**Problem requirements**
Pictures in the entries below are excluded; copy only the lines from the one containing "Den Mixer verschließen" to the one containing "1s spectra of RuO2–350 and Pt-RuO2.", both included.

**Extracted records**
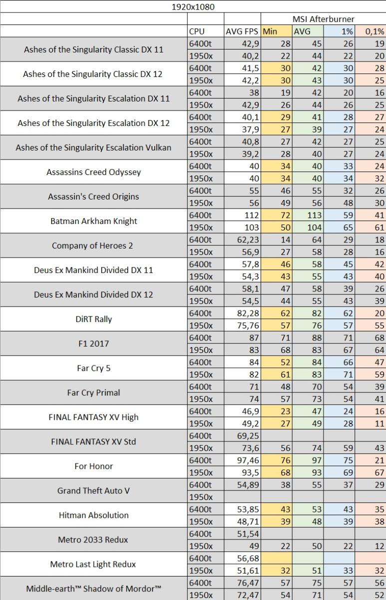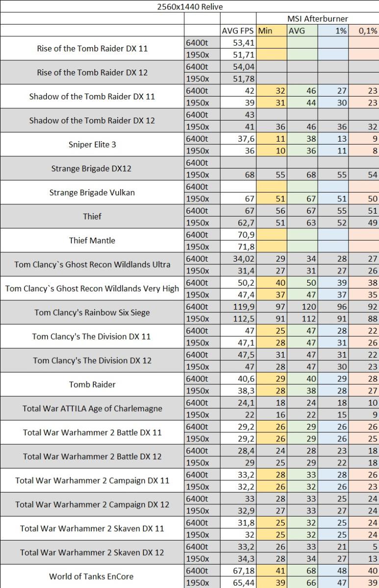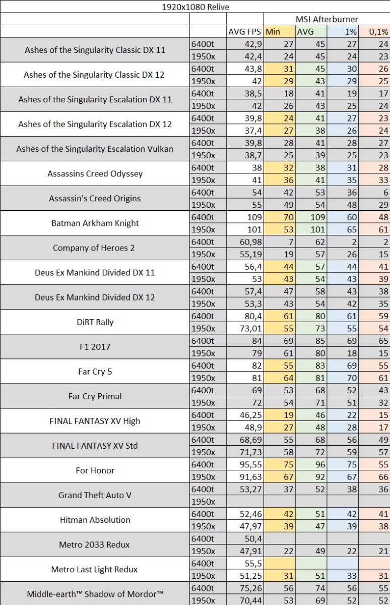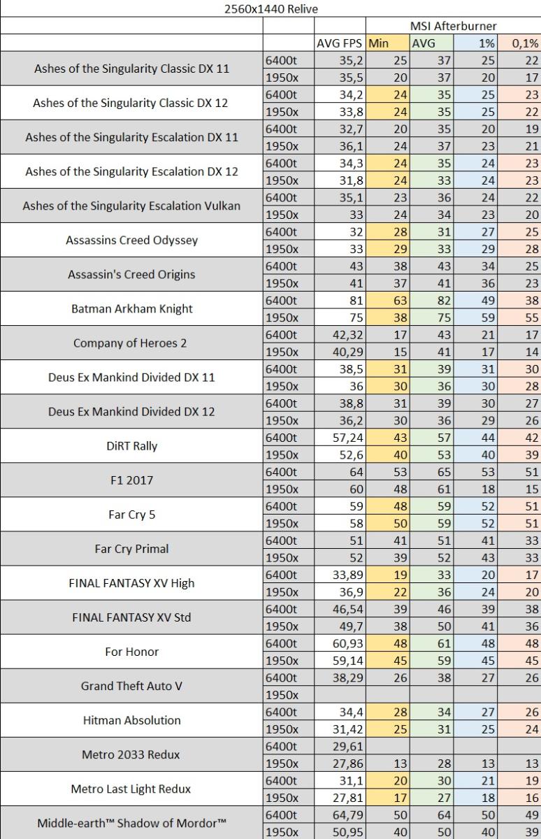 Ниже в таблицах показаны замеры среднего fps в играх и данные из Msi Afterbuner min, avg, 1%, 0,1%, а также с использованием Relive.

...

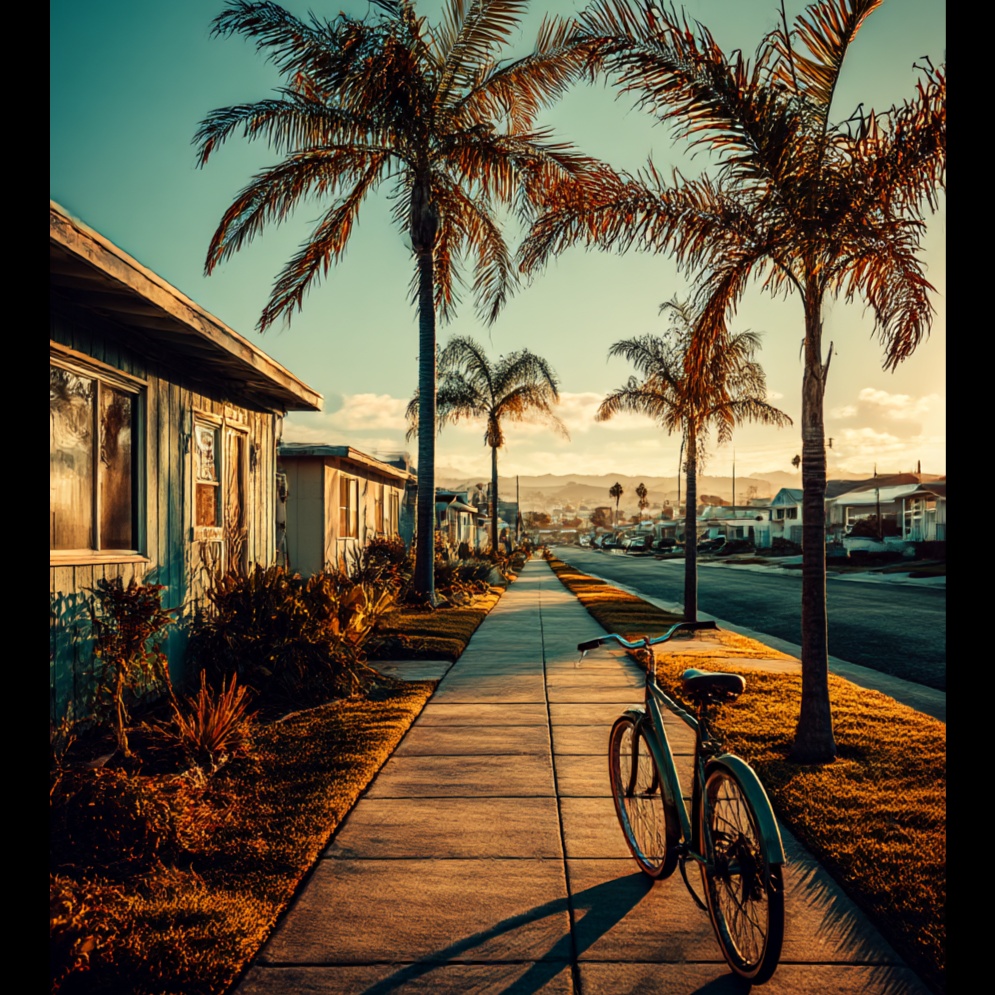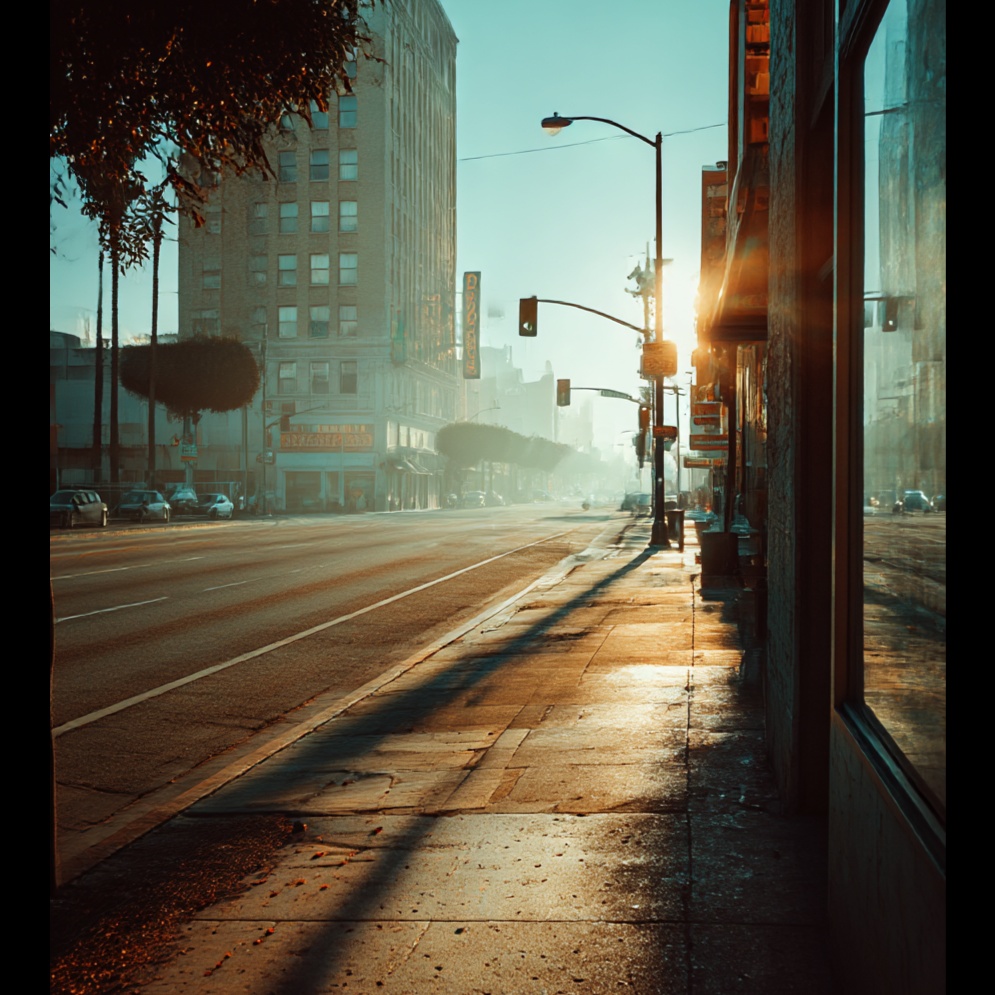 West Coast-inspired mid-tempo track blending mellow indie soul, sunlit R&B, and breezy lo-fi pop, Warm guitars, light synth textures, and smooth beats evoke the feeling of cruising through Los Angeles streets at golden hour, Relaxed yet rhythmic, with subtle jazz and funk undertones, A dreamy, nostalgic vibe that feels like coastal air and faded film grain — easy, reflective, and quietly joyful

---

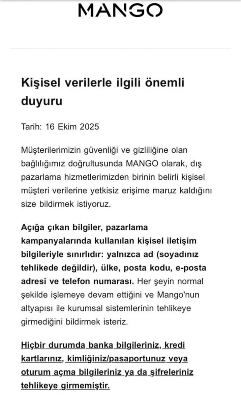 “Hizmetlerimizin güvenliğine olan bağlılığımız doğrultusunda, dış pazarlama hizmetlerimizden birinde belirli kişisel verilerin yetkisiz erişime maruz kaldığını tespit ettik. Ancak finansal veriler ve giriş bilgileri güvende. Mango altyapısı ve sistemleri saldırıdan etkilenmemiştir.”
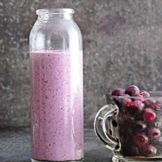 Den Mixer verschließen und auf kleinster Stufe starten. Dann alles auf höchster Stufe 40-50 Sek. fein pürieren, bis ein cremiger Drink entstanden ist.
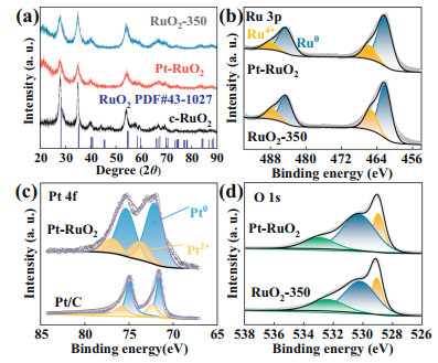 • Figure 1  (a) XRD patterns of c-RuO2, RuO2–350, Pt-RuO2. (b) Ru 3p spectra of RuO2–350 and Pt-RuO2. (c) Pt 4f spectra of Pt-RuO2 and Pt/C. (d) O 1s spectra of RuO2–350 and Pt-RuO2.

**Exercise response**
 Den Mixer verschließen und auf kleinster Stufe starten. Dann alles auf höchster Stufe 40-50 Sek. fein pürieren, bis ein cremiger Drink entstanden ist.
 • Figure 1  (a) XRD patterns of c-RuO2, RuO2–350, Pt-RuO2. (b) Ru 3p spectra of RuO2–350 and Pt-RuO2. (c) Pt 4f spectra of Pt-RuO2 and Pt/C. (d) O 1s spectra of RuO2–350 and Pt-RuO2.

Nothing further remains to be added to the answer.